Complete Linkage Method

A

Aka. Maximum or Farthest Neighbour method.
The distance between two clusters is the distance of two furthest data points in the two clusters. It is sensitive to outliers because they are far away.

22
Q

Average Linkage Method

A

A compromise between:
- The sensitivity of complete-link clustering to outlier and;
- The tendency of single link clustering to form long chains that do not correspond to the intuitive notion of clusters as compact, spherical objects.
- In this method, the distance between two clusters is the average distance of all pairwise distances between the data points in two clusters.

23
Q

The Centroid Method

A

The distance between the two centroids is taken as the distance between the two clusters.

24
Q

Time Complexity

A

All the algorithms are at least O(n^2), where n is the number of data points.
Single link can be done in O(n^2)
Complete and Average link can be done in O(n^2log2n)
Due to the complexity it isn’t feasible for large datasets, we use sampling or scale up methods such as BIRCH.

25
Q

Distance Functions

A

The selection of the distance function is of key importance in clustering. Clustering is directly based on the distance of data items to each other. Similarity or Dissimilarity are commonly used terms.
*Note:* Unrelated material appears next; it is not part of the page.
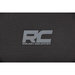 Stylish look: Rough Country Front & Rear Seat Covers come in all black. The front covers feature a gray screen printed “RC” logo.

There are numerous distance functions (metrics) for:
- Different types of data: numeric and nominal/categorical data
- Different specific applications

26
Q

Most commonly used distance functions are:

A

Euclidean distance and
Manhattan distance
We denote distance with dist(xi,xj) where both x are data points (vectors). They are special cases of Minkowski Distance. Formula on notes.

27
Q

Distance function for Text Documents

A

A text document consists of a sequence of sentences and each sentence consists of a sequence of words. In document clustering, a document is usually considered a bag of words, sequence and position are usually ignored. A document is represented with a vector just like a normal data point.
It is common to use similarity to compare two documents rather than distance. The most commonly used similarity function is the cosine similarity.

28
Q

Data Standardization

A

In the Euclidean space, standardization of attributes may be required so that all attributes can have equal impact on the computation of distances.
Standardize attributes to force the attributes to have a common value range. Sometimes called normalization or scaling.

29
Q

Which Clustering Algorithm to Use

A

Every algorithm has limitations and works well with certain data distributions. It is very hard to know what distribution the application data follow. The data may not follow any ideal structure fully as required by the algorithms. One needs to decide how to standardize the data, to choose a suitable distance function and to select other parameter values.

Due to these complexities, the common practice is to run several algorithms using different distance functions and parameter settings, and then carefully analyze and compare results. The interpretation of results must be based on insight into the meaning of the original data together with knowledge of the algorithm used. Clustering is highly application dependent and to a certain extent subjective.